Optimal life-history strategies, competition, coexistence, and biodiversity

A considerable number of models on grassland dynamics and processes are motivated from general theory in ecology and are often put into a spatially explicit context. These models, developing since the mid-1990s, are concerned with tradeoffs in optimal reproduction strategies, and investigate how optimal strategies depend on disturbance and other spatially explicit factors such as a patchy habitat. One early example of this approach is a spatially explicit, two-species simulation model by S. Lavorel to examine the interaction between dispersal, dormancy, and small-scale disturbances on coexistence of two annual plant species in landscapes with varying degree of patchi-ness. Coexistence patterns depended on the degree of suitability and the patchiness of the landscape, mostly in relation to the interactions between landscape structure and mean dispersal distance.

A model of grassland community dynamics developed in the 2000s by Y. G. Matsinos and A. Y Troumbis aimed to quantify the role of competition and dispersal under disturbance, and investigated the resilience of the communities with respect to gap-creating disturbances that were imposed at different spatial extent. Model results showed that plants with longer seed dispersal distances may have a competitive advantage in their colonization success as compared to the better competitors, especially in the cases of a disturbance-mediated creation of gaps in the landscape. An increase of the species number led to more stable end communities and a higher vegetation cover in the landscape.

A series of papers by S. Schwinning and A. J. Parsons investigated, in the 1990s, coexistence mechanisms for grasses and legumes in grazing systems. This is an important question since legumes fix nitrogen which in turn is beneficial for grasses.

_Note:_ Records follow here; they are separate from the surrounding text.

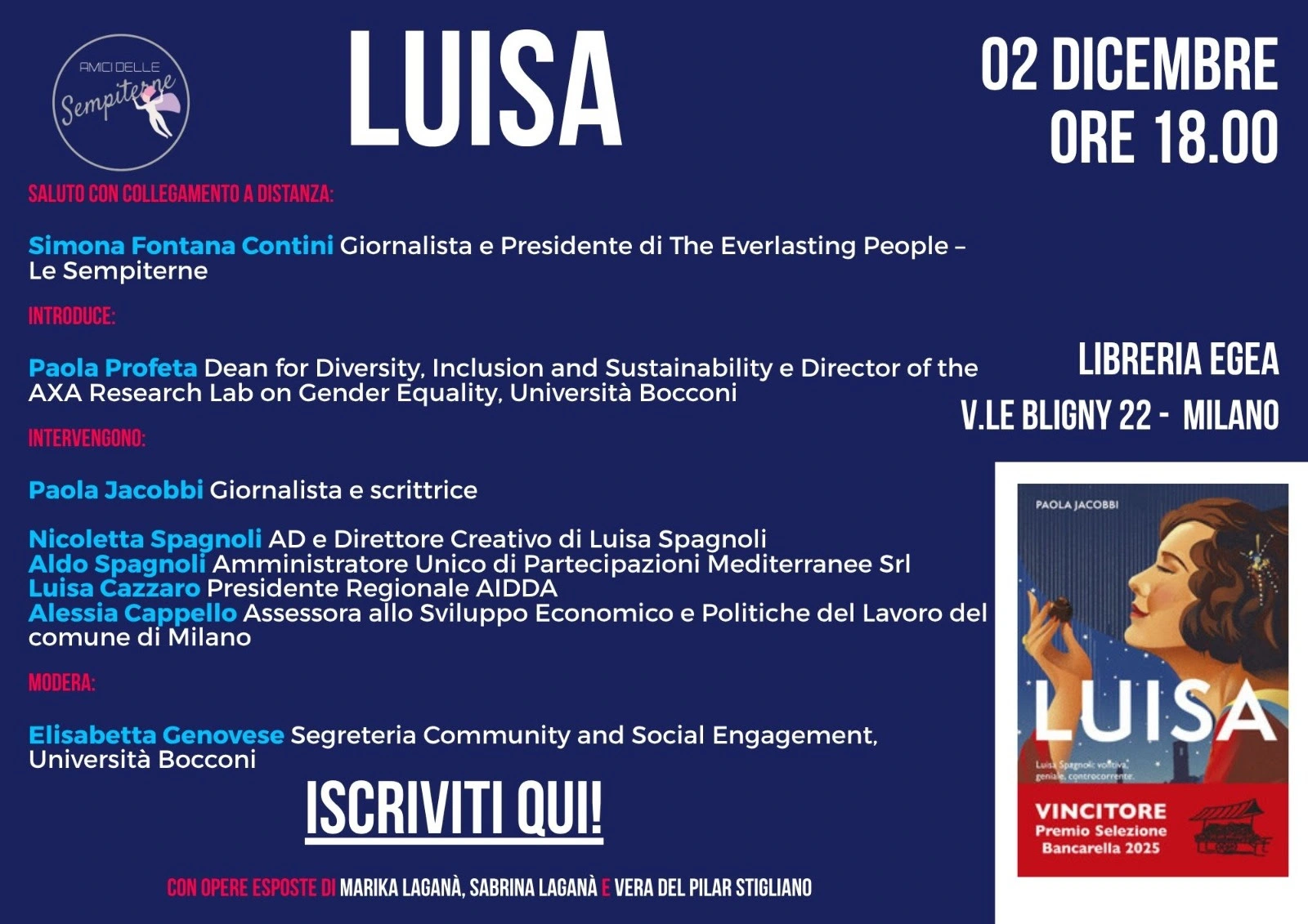 Il 2  dicembre presso la Libreria Egea, in viale Bligny 2 a Milano, verrà presentato il libro Luisa, di Paola Jacobbi
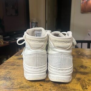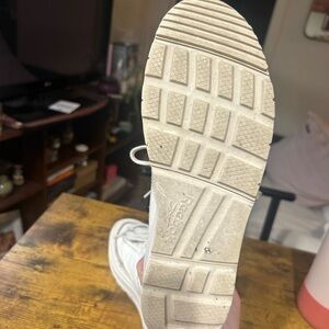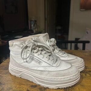 Cream high-top sneakers with lace-up closure. Ideal for everyday style. Super comfortable, I just don’t wear them.
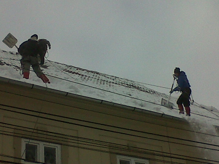 TIMISOARA. Necazul unora, bucuria altora. Alpinistii utilitari din Timisoara isi rotunjesc veniturile din munca pe care o presteaza zilele acestea. Lucreaza la foc continuu, de dimineata pana seara, pentru a indeparta zapada de pe acoperisuri si turturii care pot fi un adevarat pericol pentru trecatori.
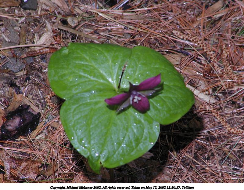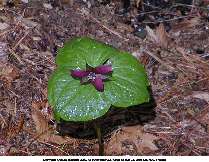 Picture #102: Trillium #2 800x622, 116,887 bytes (115K), (html file) Copyright, Michael Meissner 2002, All rights reserved Olympus C-2100UZ camera f/5.6, ISO 100, 1/125 sec, 45.8mm, manual mode, SHQ, matrix metering 35mm equivalent focal length 254.0mm Taken by Michael Meissner on May 12, 2002 12:21:32 Last modified on May 29, 2002 at 21:30 Shutter speed of 1/125 or 1/250 may indicate use of flash |
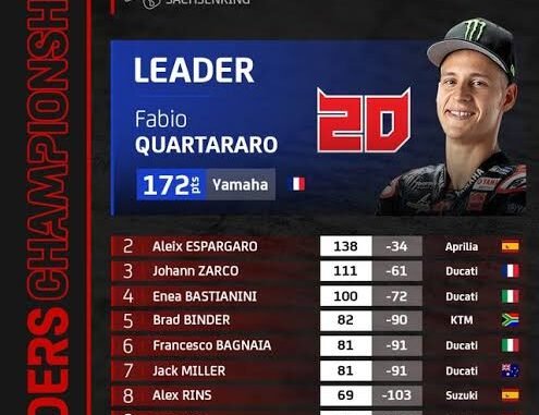 Bagania unfurled the checkered flag in 40: 14:332 seconds, 0.270 seconds from Ducati rider Enia Bastianini. Quartaro completed a 2.7 second adrift on the podium.
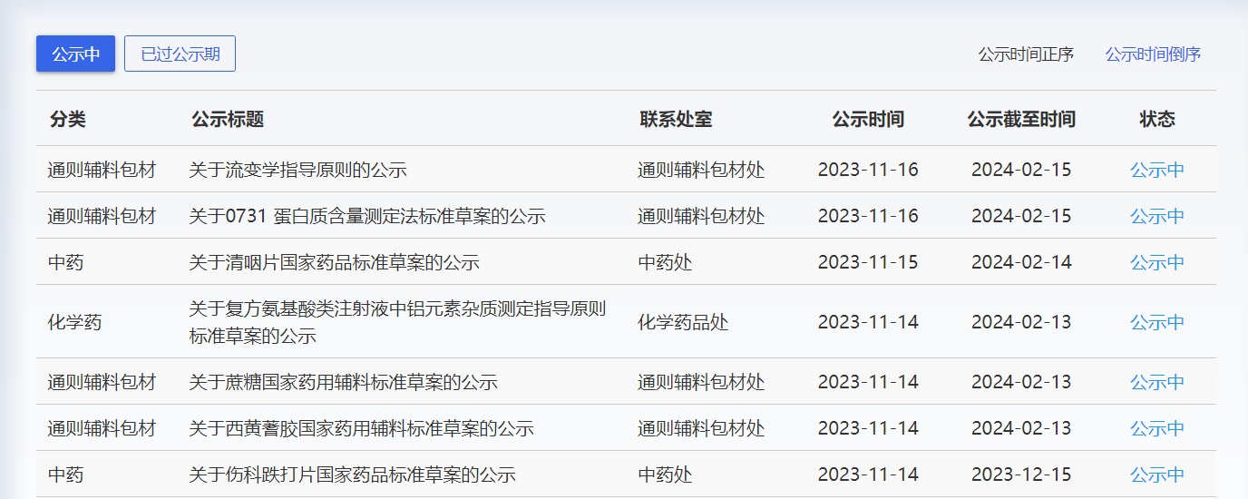 本周國家藥典委共發(fā)布2個(gè)國家藥品標(biāo)準(zhǔn)草案公示,2個(gè)國家藥用輔料標(biāo)準(zhǔn)草案公示。
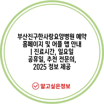 부산진구한사랑요양병원 예약 홈페이지 및 어플 앱 안내 | 진료시간, 일요일 공휴일, 추천 전문의, 2025 정보 제공
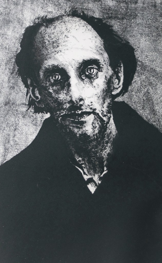 Par les biais des aléas de la gravure, il cherche à saisir les figures concrètes. Il travaille, par incisions, en taille douce et à la pointe sèche, la puissance des ombres et des regards pour témoigner de leurs intensités. Les portraits se répondent, ils évoquent tous la même histoire, le même tourment. Chacun est seul avec sa souffrance.
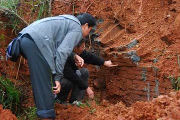 “里面好像藏著一座古墓!”侯永杰立即向有關(guān)部門報告了此事,當(dāng)?shù)鼐胶芸熠s到并封鎖了現(xiàn)場。眉山市文管部門的專家現(xiàn)場勘察后發(fā)現(xiàn),這座古墓為雙磚室墓,內(nèi)有石馬、武士石俑、陶俑等物。專家們推斷,該古墓為漢代古墓。

Other questions investigated with spatially explicit models attempt to gain an understanding of clonal growth and ramification of grass tillers in grasslands. For example, E. Winkler and colleagues developed a series of grid-based models of grassland communities to investigate long-term control of species abundances and reproduction strategies in patchy landscapes undergoing disturbances. One example is a study with M. Fischer investigating tradeoffs between sexual and vegetative reproduction of clonal plants. Depending on spatial habitat structure and disturbances, different reproduction strategies lead to different long-term fitness. The model simulated plant population dynamics on a two-dimensional cellular grid consisting of 70 x 70 square cells. In an extension of this approach, J. Stocklin and E. Winkler used a spatially explicit, individual-based metapopulation model of Hieracium pilosella to examine the consequences of tradeoffs between vegetative and sexual reproduction and between short and far-distance dispersal of seeds. They found that in a spatially heterogeneous landscape, sexual seed production in a clonal plant is advantageous even at the expense of local vegetative growth.

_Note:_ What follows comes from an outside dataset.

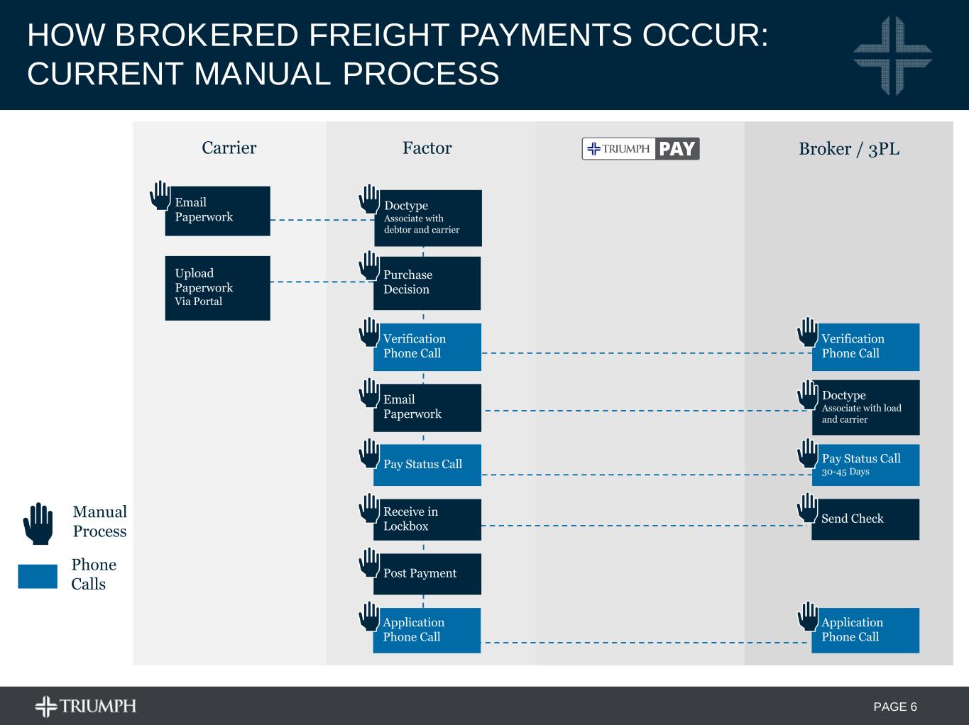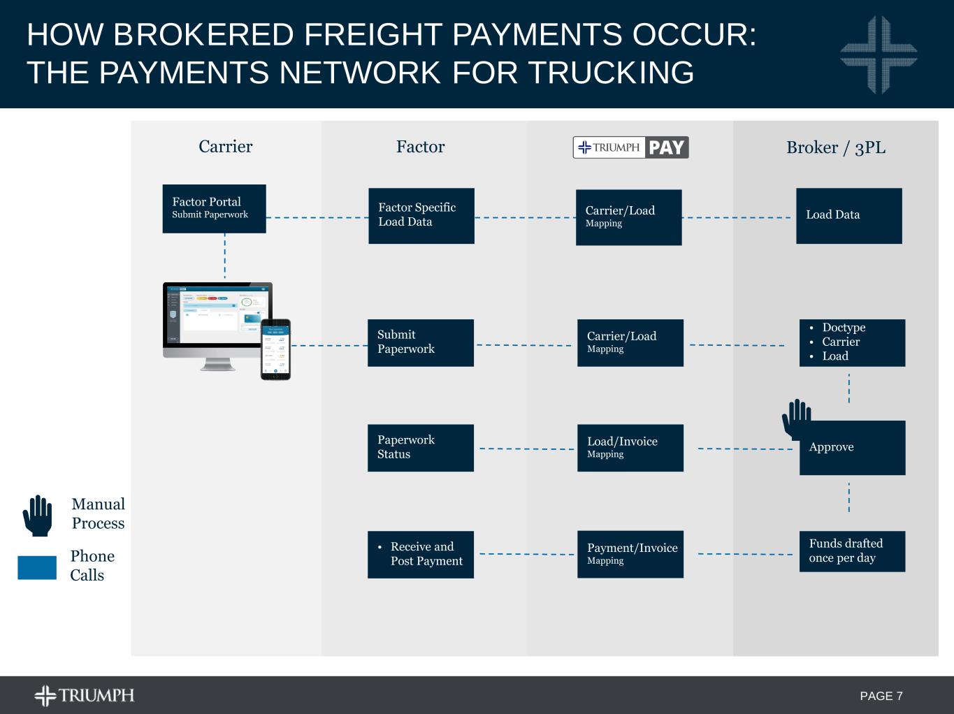 PAGE 6 Manual Process Email Paperwork Upload Paperwork Via Portal Carrier Doctype Associate with load and carrier Send Check Verification Phone Call Pay Status Call 30-45 Days Application Phone Call Phone Calls Doctype Associate with debtor and carrier Verification Phone Call Email Paperwork Pay Status Call Receive in Lockbox Post Payment Application Phone Call Purchase Decision Factor Broker / 3PL HOW BROKERED FREIGHT PAYMENTS OCCUR: CURRENT MANUAL PROCESS

While most of the questions from this section were analyzed by means of grid-based models, advances in analytical modeling made by B. M. Bolker, S. W. Pacala, and others at the end of the 1990s suggested that spatial interactions may be approximated by means of moment equations that describe changes in the mean densities and spatial patterns (covariances) of competing species. The formalism of moment equations is borrowed from physics where it was used to describe phase transitions and is an elegant way to approximate simple spatial dynamics by tracking the dynamics of the first moments (mean densities) and second moments (variances and covariances or spatial covariances) of the spatial distributions of populations. For example, to understand at a general level how plants coexist in communities, Bolker and Pacala studied three different strategies to compete for resources in a spatially variable environment: colonizing new areas, exploiting resources in those areas quickly before other plants arrive, or tolerating competition once other plants arrive. However when adding more realism the moment equations become quickly lengthy, simulations are often required to find an appropriate moment closure.